## REQUIREMENT
Exact duplicates of the lines from the top of the data through the line containing "Bringing this furniture" are needed, with every picture left out.

## DATA TO EXAMINE
*** Block opens ***
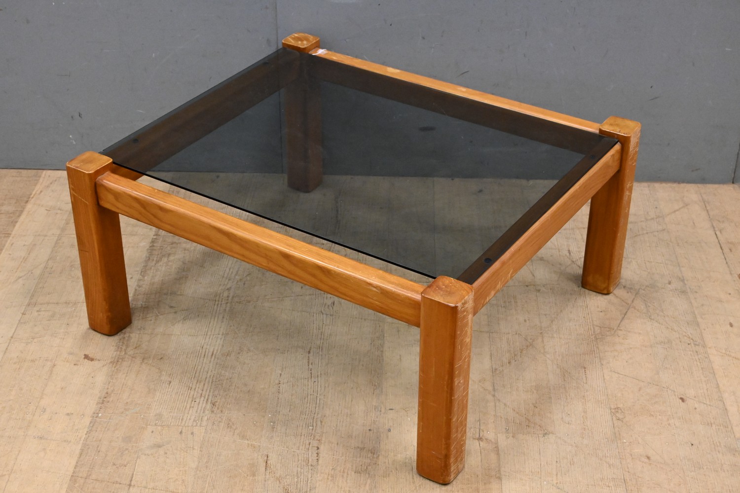 A MID-CENTURY TIMBER AND GLASS COFFEE TABLE (A/F) (H39 X W85 X D85 CM) (LEONARD JOEL DELIVERY SIZE: LARGE)
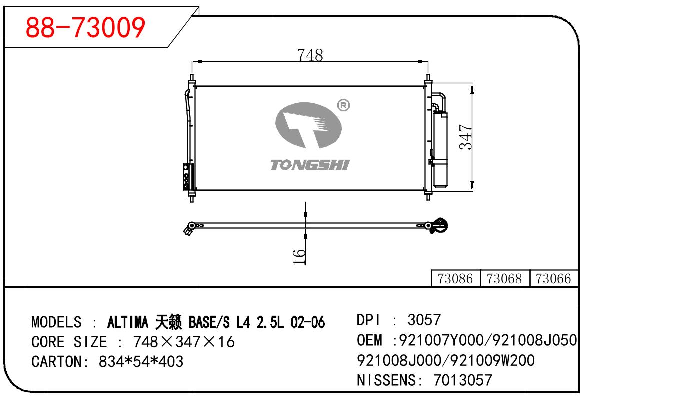 - 适用于日产尼桑天籁 BASE/S L4 2.5L冷凝器 OEM :921007Y000/921008J050/921008J000/921009W200
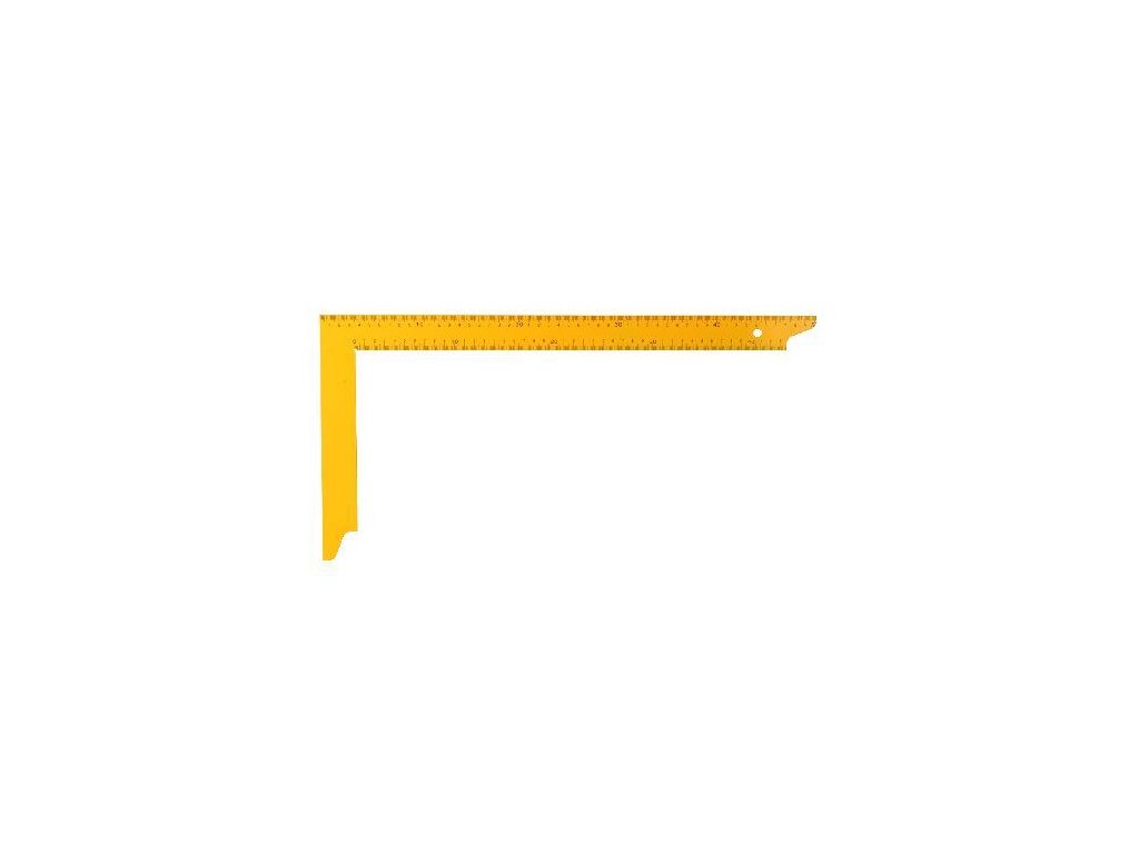 Tesařský úhelník z jednoho kusu tvrzené pružinové oceli, stupnice v mm - přesnost 0,5mm/m.
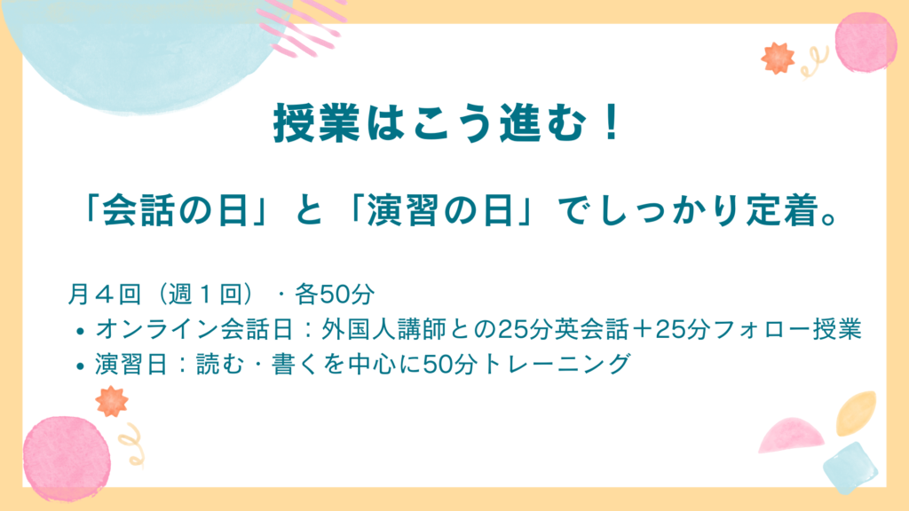 「話す」→「理解する」→「使える」の循環で定着を図ります。
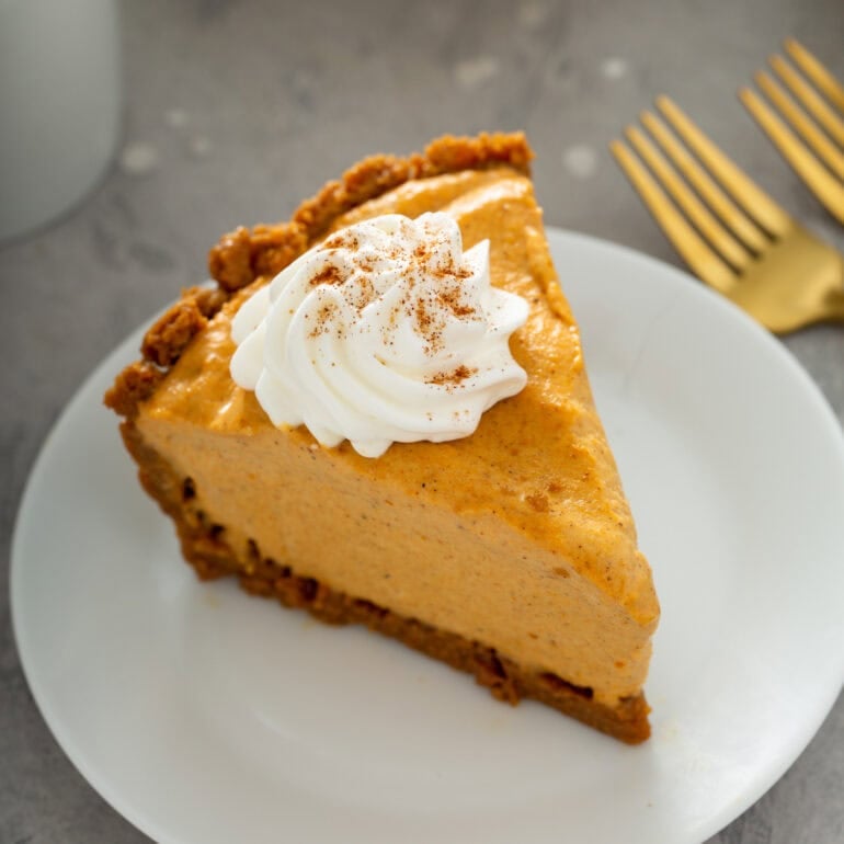 Creamy pumpkin ice cream in a crisp, spiced ginger snap crust — the very best of each worlds!
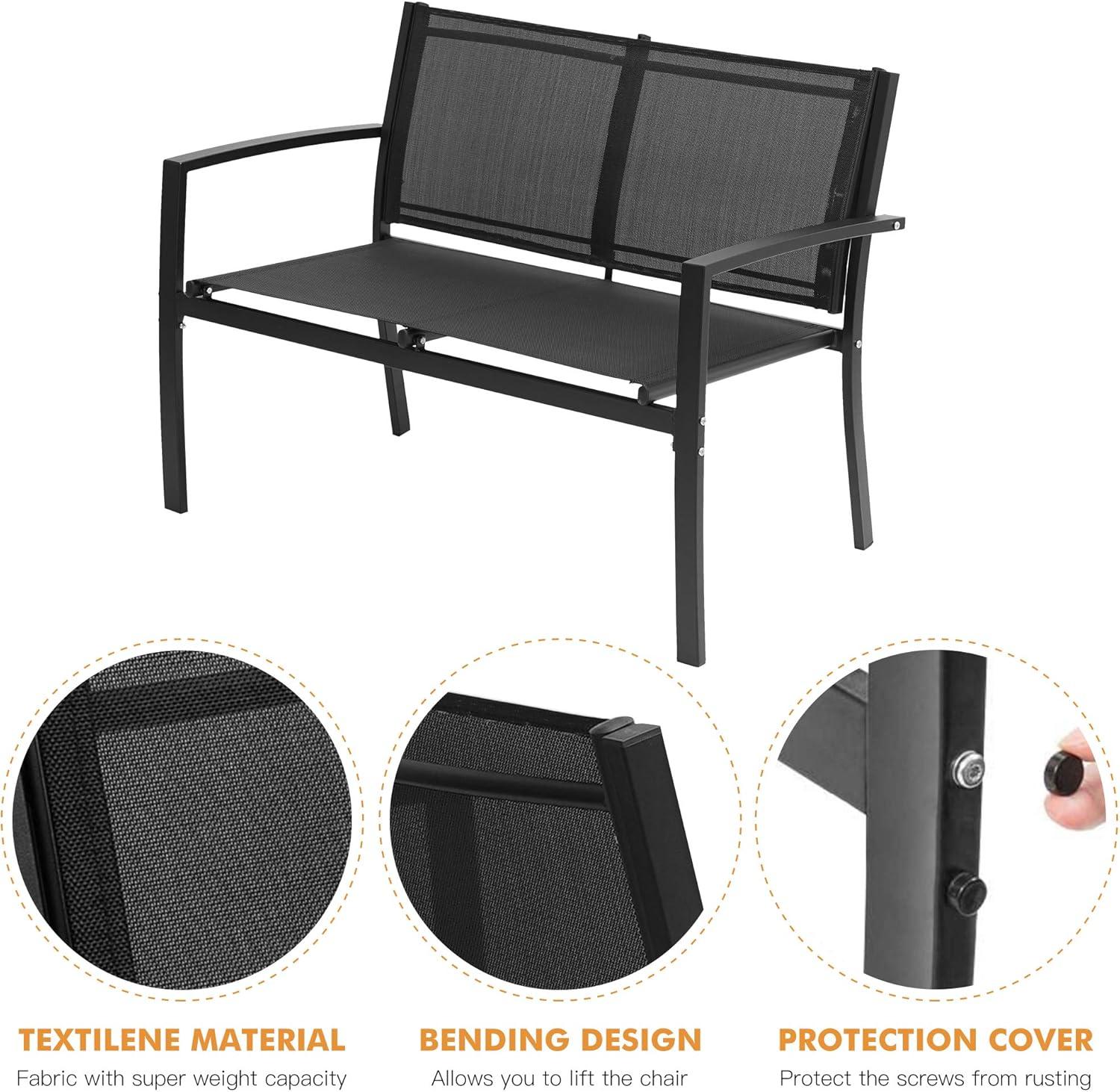 Bringing this furniture set into our outdoor spaces has transformed the atmosphere entirely. Its sleek, modern design blends effortlessly with different styles of home exteriors, enhancing the visual appeal of our porch and lawn. The black powder-coated steel frames paired with comfortable, breathable textilene fabric create a refined yet inviting space that invites relaxation and socializing alike. Whether we’re enjoying a quiet morning coffee or hosting evening gatherings, the loveseat and chairs provide comfortable seating that complements the surrounding greenery and architecture.
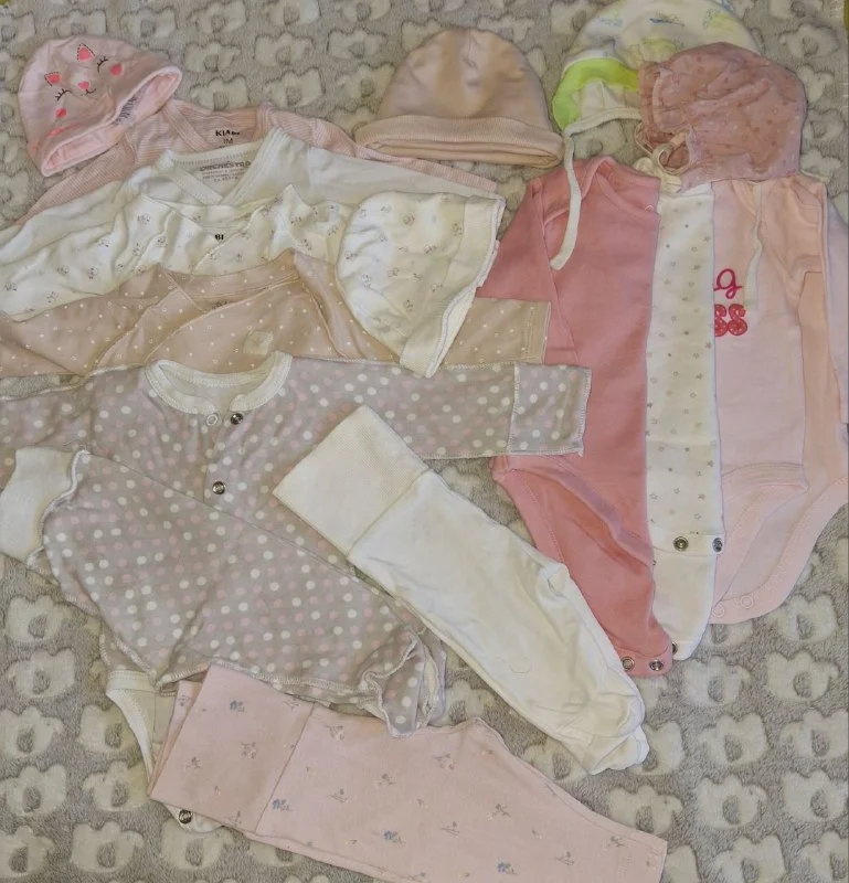 Кто ждёт малышку в октябре- ноябре, обратите внимание на сет этой одежды для новорождённой. Вся одежда из натуральных тканей, многое сшито по правилам пошива одежды для новорождённых, швами наружу+ встроенные антицарапки ( мне была очень полезна одежда с антицарапками,) Практически всё боди "на запах". Большинство слипов утепленые ( велюр ( бархат) один на байке и парочка хлопок). Спальный мешок очень " зашёл ", рекомендую прям! Пеленка эластичная- альтернатива " тугому пеленанию" и 2 тёплых комбенезона для прогулок.
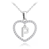 MINET Stříbrný náhrdelník písmeno v srdíčku "P" se zirkony
*** Block closes ***
## ANSWER TO THE PROBLEM
 A MID-CENTURY TIMBER AND GLASS COFFEE TABLE (A/F) (H39 X W85 X D85 CM) (LEONARD JOEL DELIVERY SIZE: LARGE)
 - 适用于日产尼桑天籁 BASE/S L4 2.5L冷凝器 OEM :921007Y000/921008J050/921008J000/921009W200
 Tesařský úhelník z jednoho kusu tvrzené pružinové oceli, stupnice v mm - přesnost 0,5mm/m.
 「話す」→「理解する」→「使える」の循環で定着を図ります。
 Creamy pumpkin ice cream in a crisp, spiced ginger snap crust — the very best of each worlds!
 Bringing this furniture set into our outdoor spaces has transformed the atmosphere entirely. Its sleek, modern design blends effortlessly with different styles of home exteriors, enhancing the visual appeal of our porch and lawn. The black powder-coated steel frames paired with comfortable, breathable textilene fabric create a refined yet inviting space that invites relaxation and socializing alike. Whether we’re enjoying a quiet morning coffee or hosting evening gatherings, the loveseat and chairs provide comfortable seating that complements the surrounding greenery and architecture.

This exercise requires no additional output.